Le rapprochement irano-irakien et ses conséquences

La rédaction de Politique étrangère vous offre de (re)lire des textes qui ont marqué l’histoire de la revue. Nous vous proposons aujourd’hui un article de Mohammad-Reza Djalili, intitulé « Le rapprochement irano-irakien et ses conséquences », et publié dans le numéro 3/1975 de Politique étrangère.

Introduction

L’accord de réconciliation signé le 6 mars 1975 par le Souverain iranien et le Vice-Président irakien M. Saddam Hussein, à l’issue du premier « sommet » de l’OPEP à Alger, allait mettre fin aux différends qui opposaient les deux pays voisins depuis plus de cinq ans de façon permanente, mais qui ont une origine beaucoup plus ancienne, et déclencher le processus de normalisation rapide des relations irano-irakiennes. Conclu sous l’égide du Président Houari Boumédiène, cet accord est le résultat d’un effort de médiation des pays arabes et des rencontres successives des représentants des deux pays durant ces derniers mois.
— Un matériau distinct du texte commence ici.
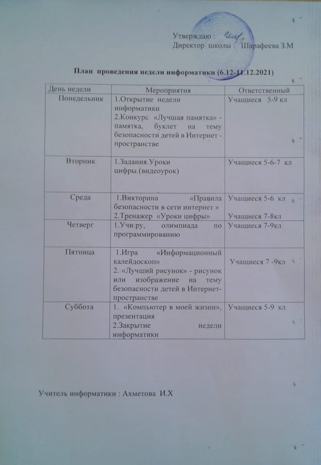План проведения недели информатики/ Информатика атналыгын үткәрү планы 06.12.2021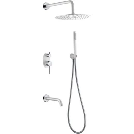 Душевой шланг, Душевая лейка, Подключение для душевого шланга с держателем, Верхний душ, Излив, Скрытая монтажная часть, Смеситель, Кронштейн

Quelles sont les origines historiques des différends qui ont opposé les deux pays pendant une quarantaine d’années ? Quelles sont les modalités du rapprochement actuel et que peuvent être les conséquences et la portée de l’entente entre Bagdad et Téhéran à court et moyen terme ? Ce sont là les trois points que nous essayerons de développer dans cet article. Mais, conscients du peu de temps qui nous sépare des événements et, tenant compte des négociations qui sont actuellement en cours entre les représentants des deux pays, nous ne pourrons ici tracer que quelques esquisses des faits et ne déduire que des conclusions prudentes.

I. Historique

Bien que voisins, et tous deux pays musulmans, l’Iran et l’Irak n’ont presque jamais eu de relations tout à fait détendues et normales. A deux reprises pourtant, à l’époque du « Pacte de Saadabad » en 1937 et du « Pacte de Bagdad» en 1955, ces relations ont semblé se normaliser et se développer rapidement, mais ce n’était qu’à titre provisoire. Avant la signature de ces deux Pactes et pendant la période qui les sépare, mais surtout après le retrait de l’Irak du Pacte de Bagdad, les relations sont passées par des hauts et des bas. Il y a eu des périodes de détente relative, de crise et de menace, de guerres sur les ondes et des accrochages dans les régions frontalières. A certains moments, on a cru même, de part et d’autre, à l’imminence d’une intervention généralisée des forces armées. Depuis la révolution du 14 juillet 1958 en Irak et l’instauration d’un régime républicain à Bagdad, il est apparu de plus en plus difficile de diminuer les tensions toujours latentes qui existaient entre les deux pays. La crise atteindra son point culminant le 19 avril 1969, lorsque l’Iran, las de voir ses droits lésés dans le Chatt-el-Arab, dénonça officiellement le Traité du 4 juillet 1937 réglementant la navigation sur le fleuve et délimitant la frontière entre les deux pays. Depuis lors, le problème majeur du contentieux irano-irakien est le conflit du Chatt-el-Arab autour duquel gravitent des questions comme celle concernant les résidents d’origine iranienne en Irak et surtout le problème kurde. Nous allons ici les évoquer rapidement.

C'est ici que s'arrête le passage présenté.